-
Notifications
You must be signed in to change notification settings - Fork 1.5k
Description
Environment
Which environment were you using when you encountered the problem?
$ python -m platform
Linux-6.8.0-51-generic-x86_64-with-glibc2.39
$ python -c "import pypdf;print(pypdf._debug_versions)"
pypdf==5.1.0, crypt_provider=('cryptography', '43.0.3'), PIL=none
Code + PDF
This is a minimal, complete example that shows the issue:
from pypdf import PdfReader
temp_file = "/home/mark/test.pdf"
reader = PdfReader(temp_file)
for page in reader.pages:
print(page.extract_text(extraction_mode="layout") + "\n")

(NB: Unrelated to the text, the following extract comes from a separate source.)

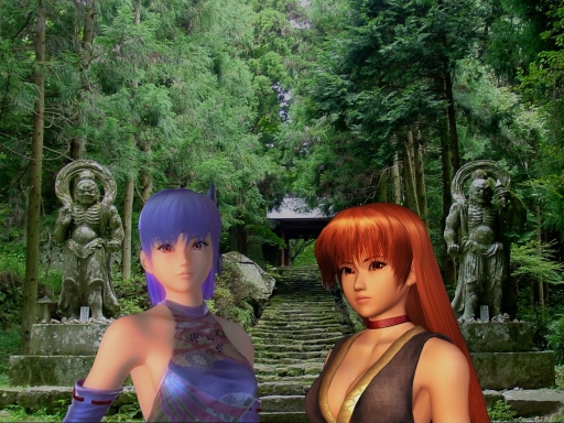 A wallpaper made with two promotional pictures for Dead or Alive 4 and a photography of a temple.
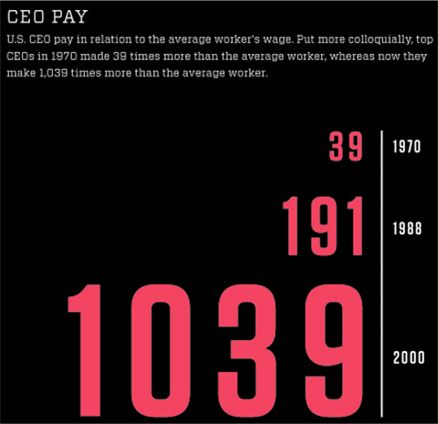 For instance, did you know that the average CEO’s pay is 1,039 times more generous than that of the average worker? And it’s not as if we’ve always lived that way. Forty years ago, CEOs were only being paid 39 times that of the average worker. Some companies these days are tying CEO pay to the pay of the least compensated employee at the same company. Clearly not that many.

I'm sorry -- I can't share this pdf file as it's a) sensitive and b) customer data. I can provide debug traces if those help. Also if there's a good way of anonymizing the data in the pdf without rewriting it then please let me know and I'll attempt that.
The PDF appears to have been generated by this library: https://bfo.com/products/report/?version=work-20200610T1518-r36819M according to the metadata
My reading of this problem is that extract_text in layout mode ends up calling down into text_show_operations, then in this particular pdf the Tf operator is ignored -- it seems the code is expecting it to be between a q/Q or BT/ET pair, which in this particular pdf it isn't. (It may be that this is a naughty pdf, but Okular and the Mozilla built in pdf reader both handle it ok).
from logging I added:
text_show_operations b'K', [0, 0, 0, 1]
text_show_operations b'rg', [0.341176, 0.392157, 0.462745]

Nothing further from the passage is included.